- WHAT IS BEING ASKED
Only the lines below from the one containing "Eufy Smart Scale" through the one containing "Includes cab air" belong in the answer, set down exactly, with the pictures left out.

- DATASET RECORDS
---+---
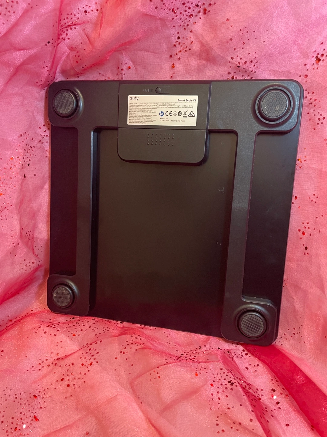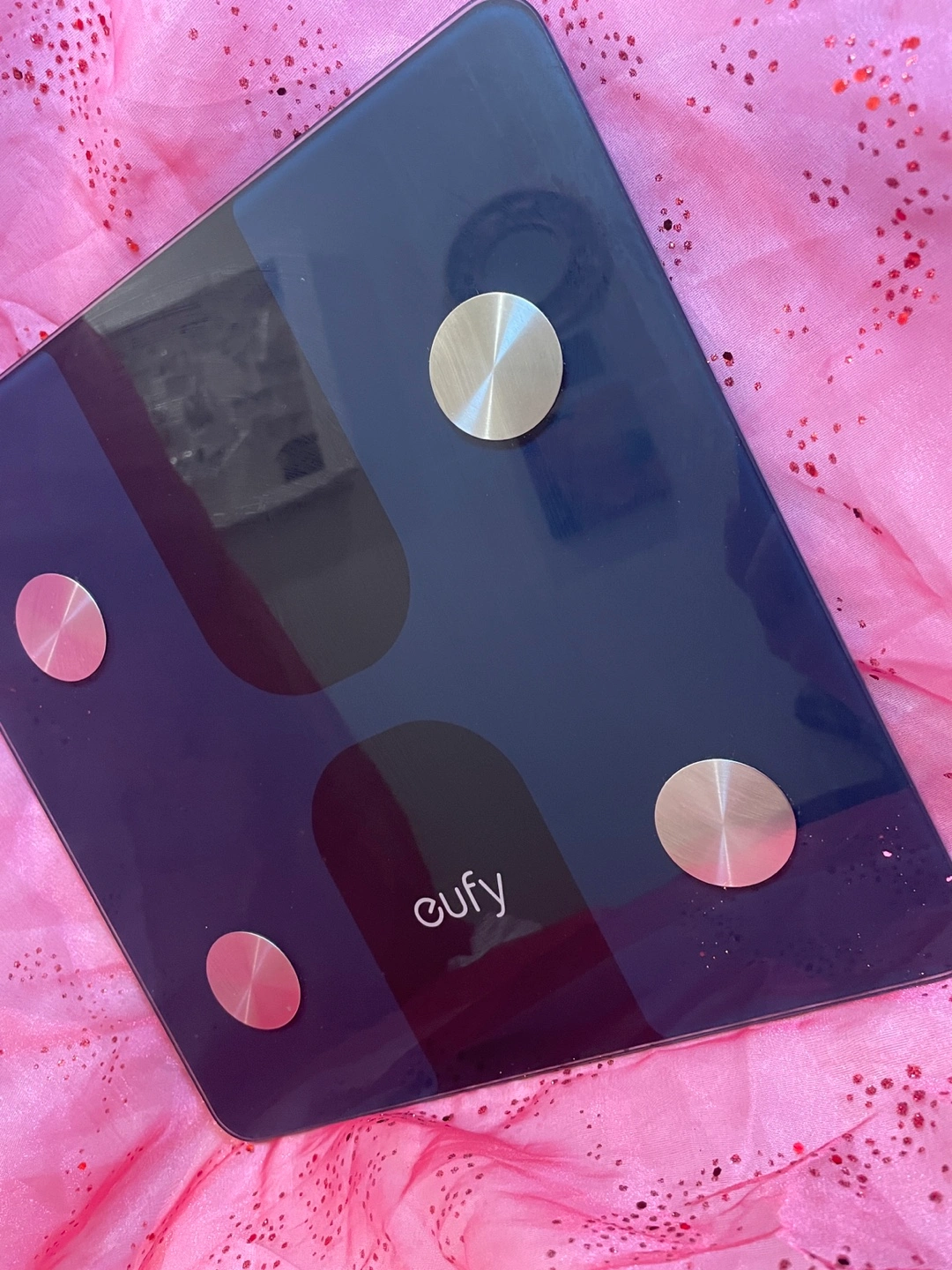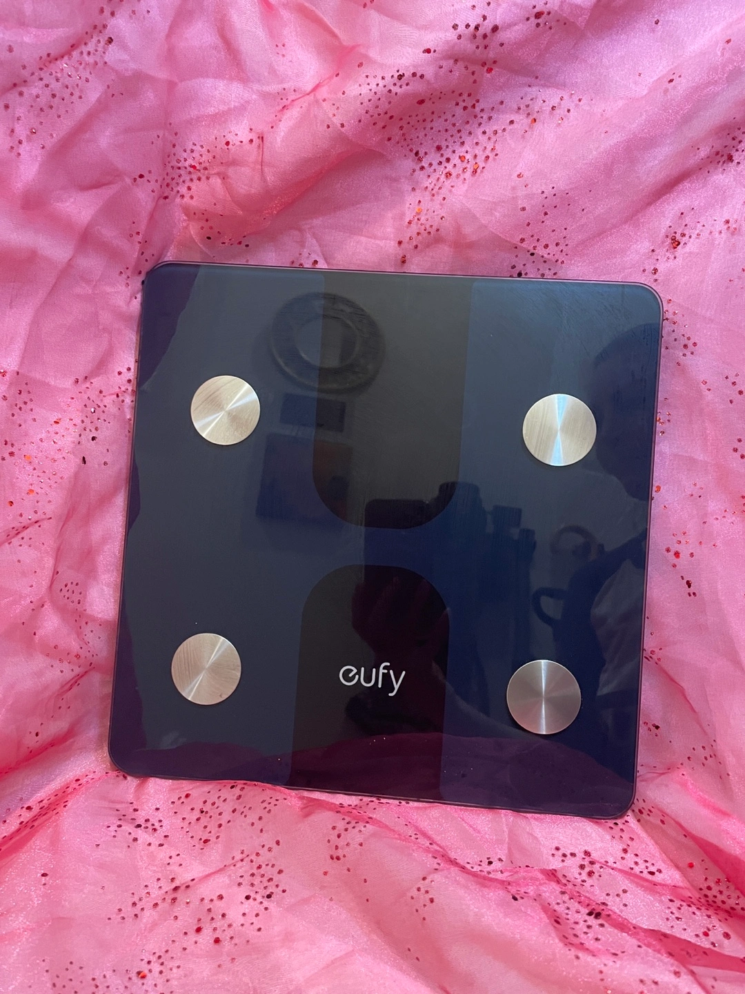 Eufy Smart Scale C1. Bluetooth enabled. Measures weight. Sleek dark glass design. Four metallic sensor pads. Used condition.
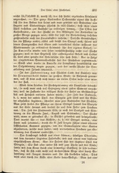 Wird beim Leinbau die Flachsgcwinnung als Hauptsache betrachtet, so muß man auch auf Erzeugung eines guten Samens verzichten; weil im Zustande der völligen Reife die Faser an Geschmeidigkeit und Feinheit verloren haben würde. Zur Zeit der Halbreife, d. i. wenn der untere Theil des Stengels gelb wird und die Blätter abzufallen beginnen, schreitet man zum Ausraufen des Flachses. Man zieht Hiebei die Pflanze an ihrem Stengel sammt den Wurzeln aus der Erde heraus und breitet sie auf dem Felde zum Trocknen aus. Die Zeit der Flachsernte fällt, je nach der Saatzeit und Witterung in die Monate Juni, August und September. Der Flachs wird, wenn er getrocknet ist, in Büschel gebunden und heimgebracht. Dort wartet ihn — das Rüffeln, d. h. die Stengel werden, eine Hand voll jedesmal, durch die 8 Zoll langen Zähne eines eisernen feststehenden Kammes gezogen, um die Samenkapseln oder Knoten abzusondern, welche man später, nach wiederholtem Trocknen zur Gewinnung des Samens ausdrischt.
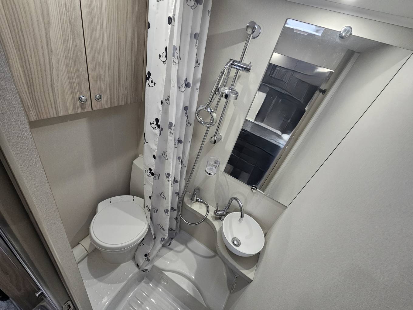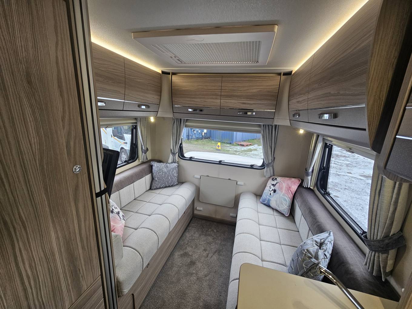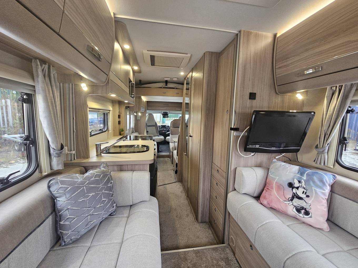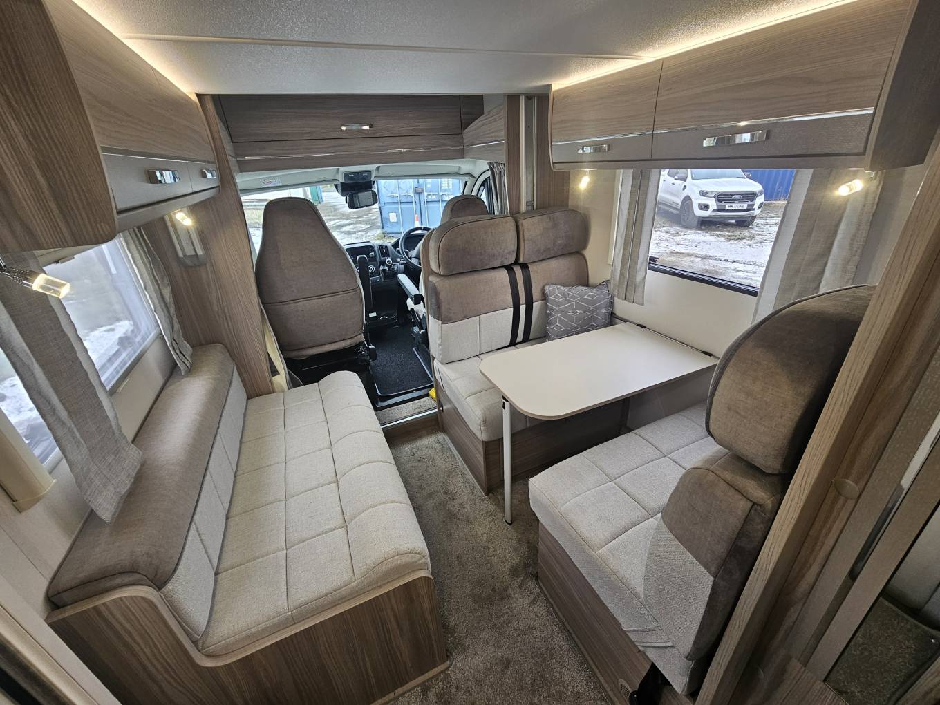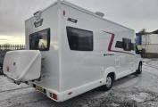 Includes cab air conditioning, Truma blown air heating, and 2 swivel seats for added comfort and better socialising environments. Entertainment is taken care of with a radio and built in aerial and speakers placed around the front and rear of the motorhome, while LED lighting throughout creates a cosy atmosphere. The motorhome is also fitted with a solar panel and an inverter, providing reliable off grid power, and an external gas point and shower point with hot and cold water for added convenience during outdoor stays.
---+---
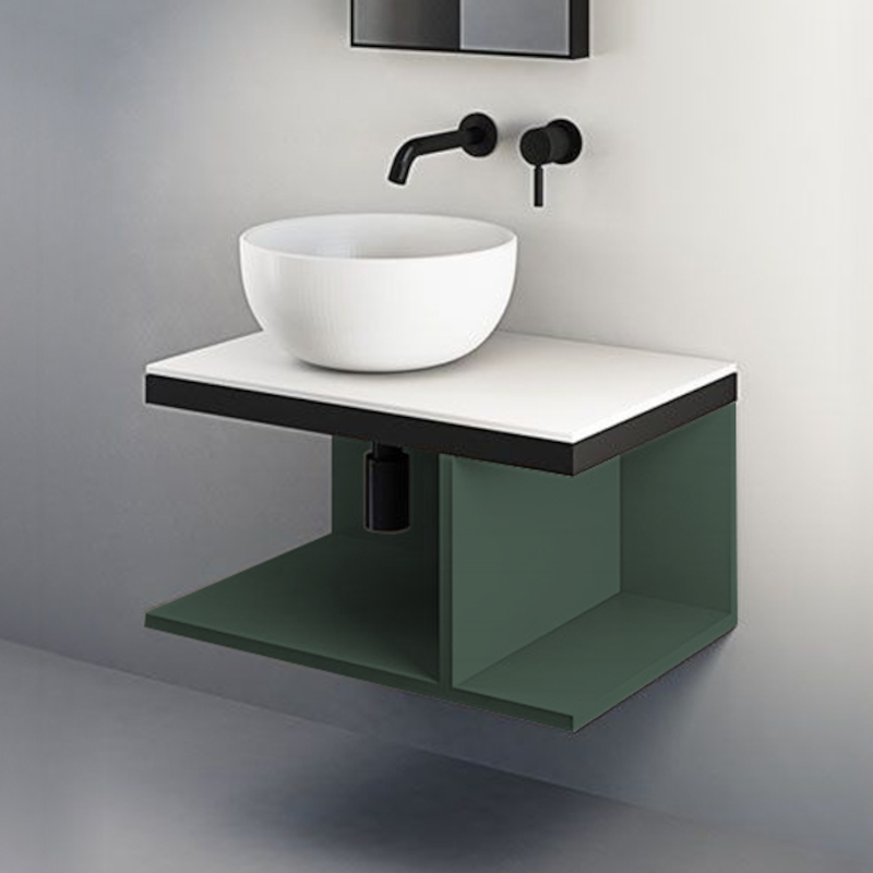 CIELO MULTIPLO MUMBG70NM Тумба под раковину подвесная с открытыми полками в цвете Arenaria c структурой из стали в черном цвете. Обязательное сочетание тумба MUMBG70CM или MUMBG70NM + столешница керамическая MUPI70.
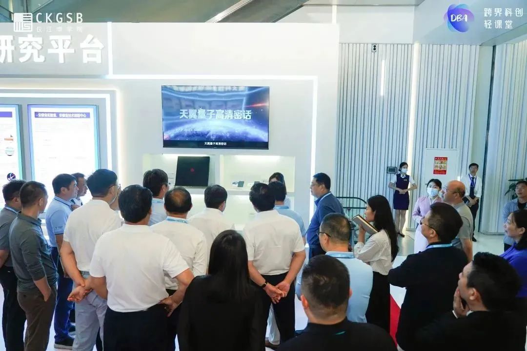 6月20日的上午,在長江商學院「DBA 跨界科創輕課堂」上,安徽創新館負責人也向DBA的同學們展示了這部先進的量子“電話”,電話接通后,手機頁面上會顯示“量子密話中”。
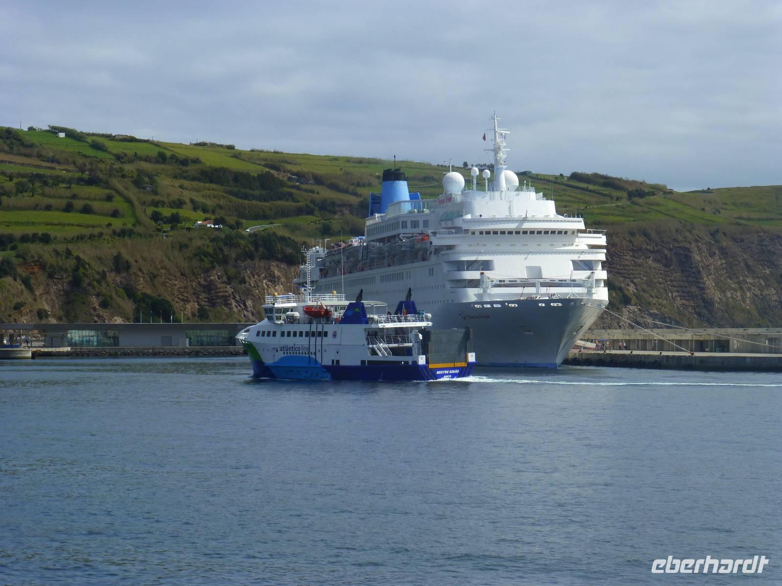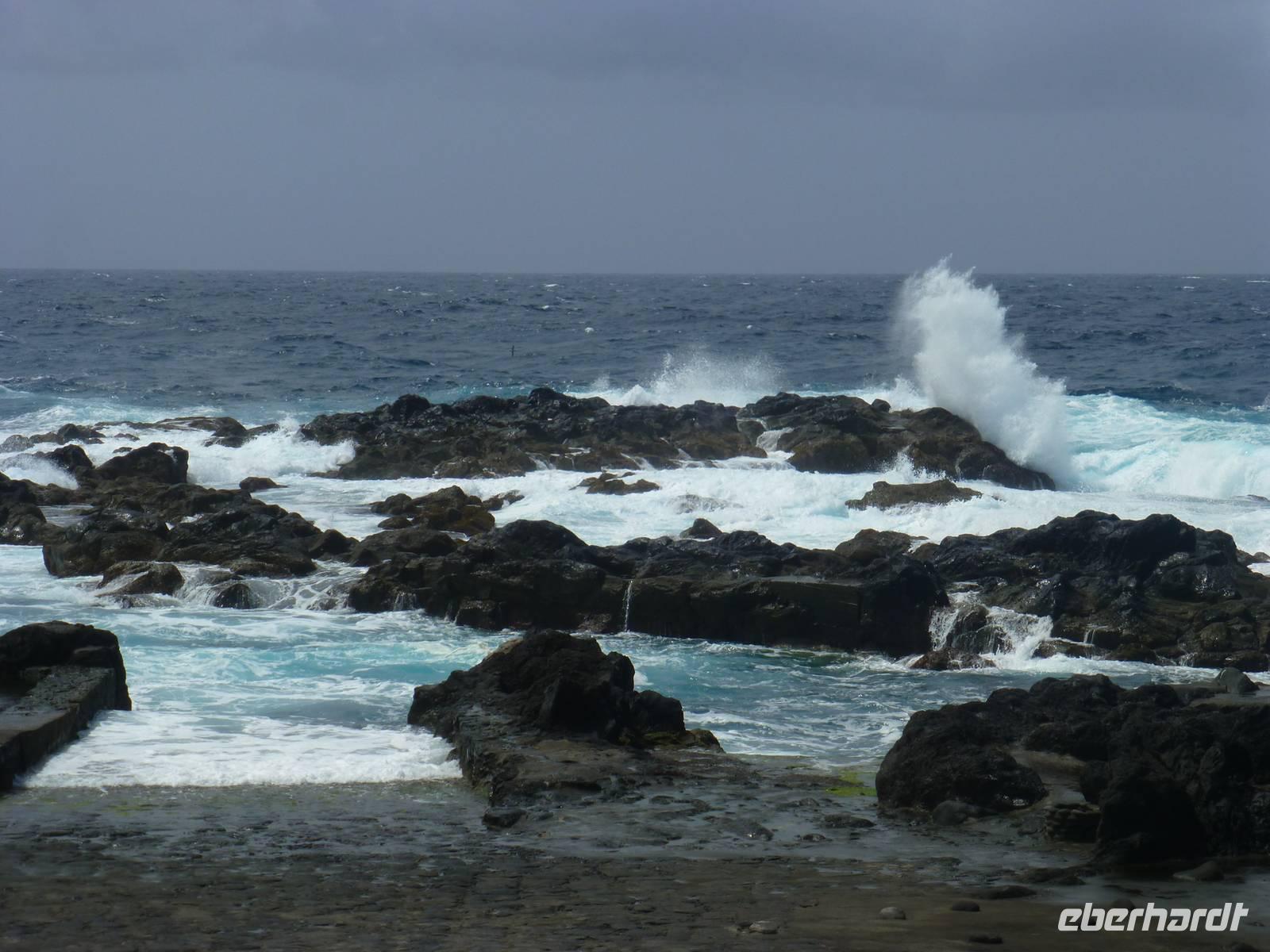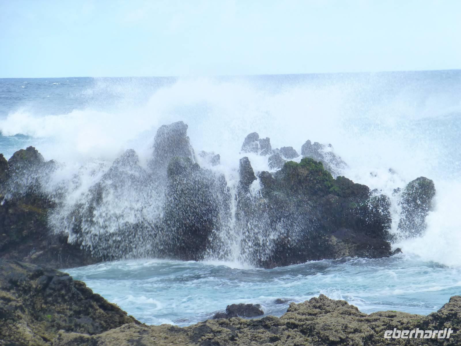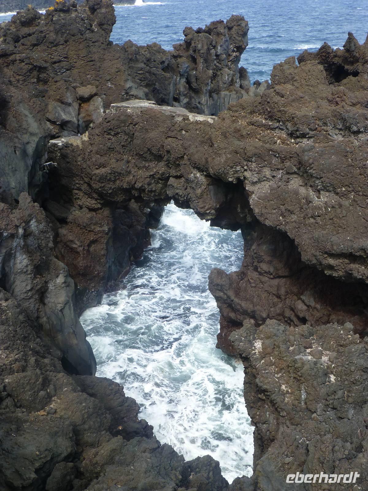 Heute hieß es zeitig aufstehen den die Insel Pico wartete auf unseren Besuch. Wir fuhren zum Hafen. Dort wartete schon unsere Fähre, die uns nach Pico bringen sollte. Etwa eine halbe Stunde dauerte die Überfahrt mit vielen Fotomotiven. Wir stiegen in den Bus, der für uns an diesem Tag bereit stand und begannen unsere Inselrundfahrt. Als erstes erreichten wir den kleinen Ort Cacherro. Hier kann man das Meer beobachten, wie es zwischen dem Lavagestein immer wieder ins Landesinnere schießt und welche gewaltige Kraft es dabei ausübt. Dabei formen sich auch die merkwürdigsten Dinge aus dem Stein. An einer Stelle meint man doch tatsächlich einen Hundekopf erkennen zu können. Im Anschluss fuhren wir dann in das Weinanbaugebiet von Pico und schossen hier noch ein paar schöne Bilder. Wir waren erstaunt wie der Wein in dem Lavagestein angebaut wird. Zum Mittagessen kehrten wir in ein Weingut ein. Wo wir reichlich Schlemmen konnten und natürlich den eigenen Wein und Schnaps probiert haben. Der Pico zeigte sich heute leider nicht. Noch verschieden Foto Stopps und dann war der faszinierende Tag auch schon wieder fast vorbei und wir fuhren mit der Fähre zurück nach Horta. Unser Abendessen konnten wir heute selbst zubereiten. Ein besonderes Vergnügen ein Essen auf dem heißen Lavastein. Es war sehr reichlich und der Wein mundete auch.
---+---
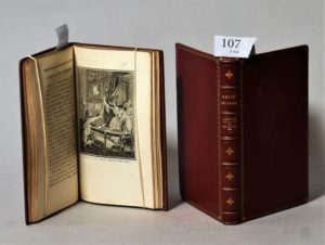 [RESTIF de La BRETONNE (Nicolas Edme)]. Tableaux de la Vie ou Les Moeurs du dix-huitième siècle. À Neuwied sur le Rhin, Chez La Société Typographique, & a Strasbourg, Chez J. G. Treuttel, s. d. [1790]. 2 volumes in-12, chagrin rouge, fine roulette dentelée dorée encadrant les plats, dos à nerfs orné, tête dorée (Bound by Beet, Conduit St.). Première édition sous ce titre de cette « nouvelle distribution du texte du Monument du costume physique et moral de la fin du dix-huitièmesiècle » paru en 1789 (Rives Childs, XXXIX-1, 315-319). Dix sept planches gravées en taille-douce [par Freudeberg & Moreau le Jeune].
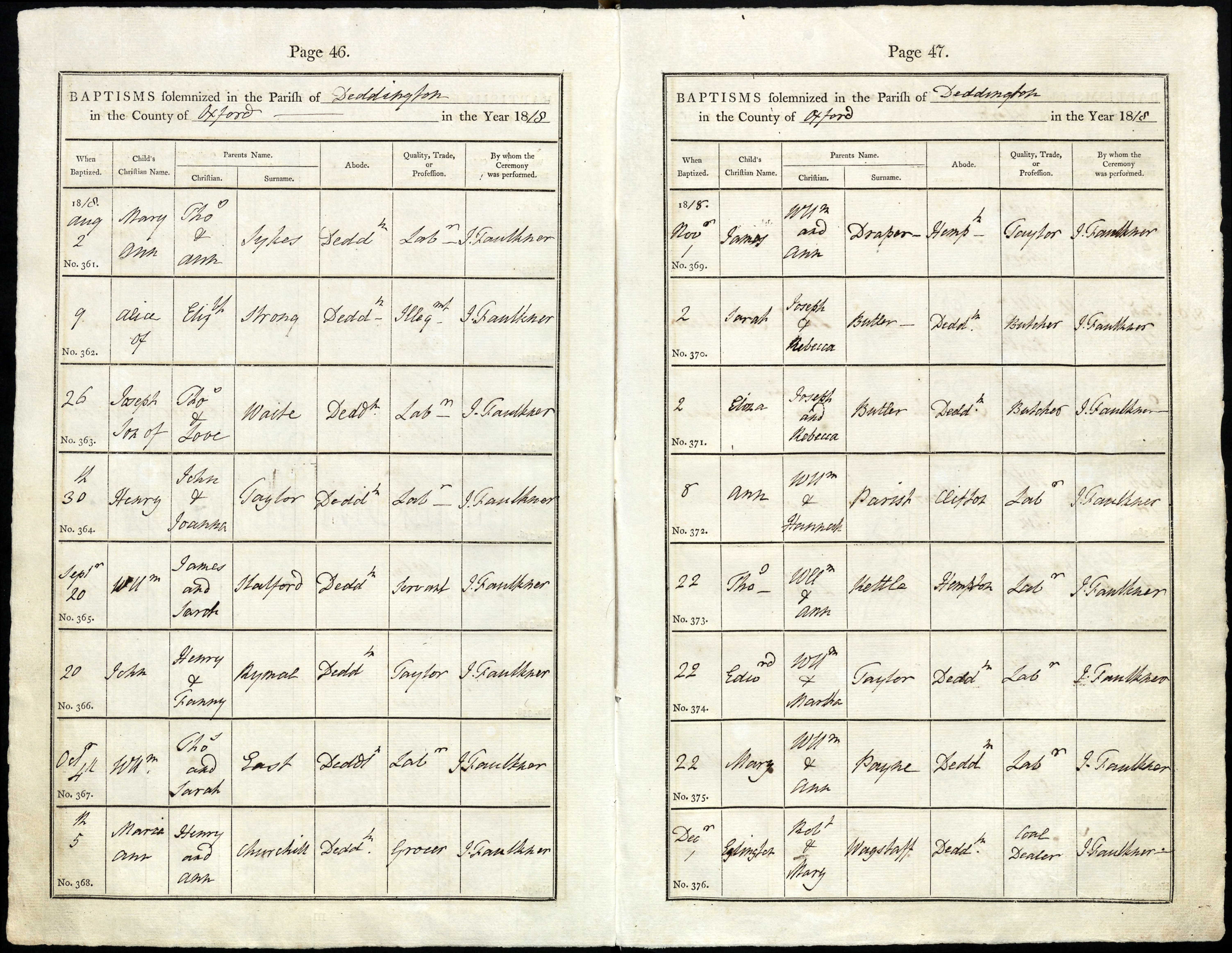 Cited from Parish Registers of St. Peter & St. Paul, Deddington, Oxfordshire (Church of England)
---+---
- RESULT BELOW
 Eufy Smart Scale C1. Bluetooth enabled. Measures weight. Sleek dark glass design. Four metallic sensor pads. Used condition.
 Wird beim Leinbau die Flachsgcwinnung als Hauptsache betrachtet, so muß man auch auf Erzeugung eines guten Samens verzichten; weil im Zustande der völligen Reife die Faser an Geschmeidigkeit und Feinheit verloren haben würde. Zur Zeit der Halbreife, d. i. wenn der untere Theil des Stengels gelb wird und die Blätter abzufallen beginnen, schreitet man zum Ausraufen des Flachses. Man zieht Hiebei die Pflanze an ihrem Stengel sammt den Wurzeln aus der Erde heraus und breitet sie auf dem Felde zum Trocknen aus. Die Zeit der Flachsernte fällt, je nach der Saatzeit und Witterung in die Monate Juni, August und September. Der Flachs wird, wenn er getrocknet ist, in Büschel gebunden und heimgebracht. Dort wartet ihn — das Rüffeln, d. h. die Stengel werden, eine Hand voll jedesmal, durch die 8 Zoll langen Zähne eines eisernen feststehenden Kammes gezogen, um die Samenkapseln oder Knoten abzusondern, welche man später, nach wiederholtem Trocknen zur Gewinnung des Samens ausdrischt.
 Includes cab air conditioning, Truma blown air heating, and 2 swivel seats for added comfort and better socialising environments. Entertainment is taken care of with a radio and built in aerial and speakers placed around the front and rear of the motorhome, while LED lighting throughout creates a cosy atmosphere. The motorhome is also fitted with a solar panel and an inverter, providing reliable off grid power, and an external gas point and shower point with hot and cold water for added convenience during outdoor stays.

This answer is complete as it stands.